- **Collected material**

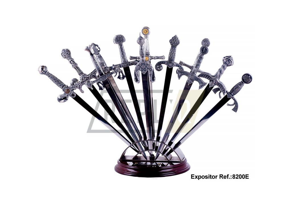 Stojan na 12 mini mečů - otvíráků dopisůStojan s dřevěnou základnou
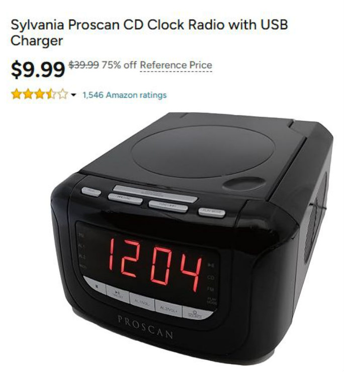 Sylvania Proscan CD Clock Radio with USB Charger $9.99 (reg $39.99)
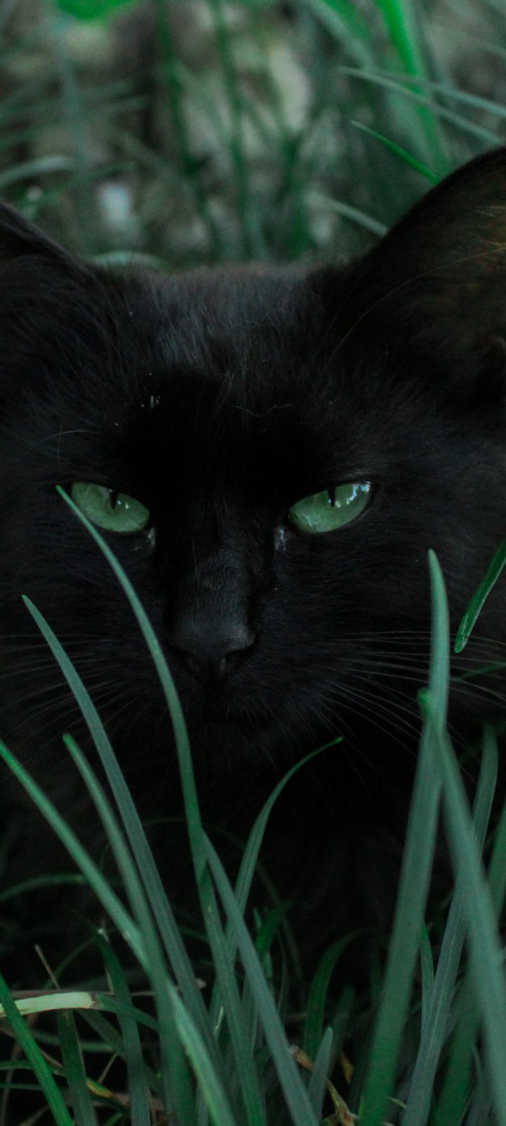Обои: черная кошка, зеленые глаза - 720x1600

- **Your objective**
Everything in the data except the pictures must be retyped exactly.

- **Solution for this exercise**
 Stojan na 12 mini mečů - otvíráků dopisůStojan s dřevěnou základnou
 Sylvania Proscan CD Clock Radio with USB Charger $9.99 (reg $39.99)
Обои: черная кошка, зеленые глаза - 720x1600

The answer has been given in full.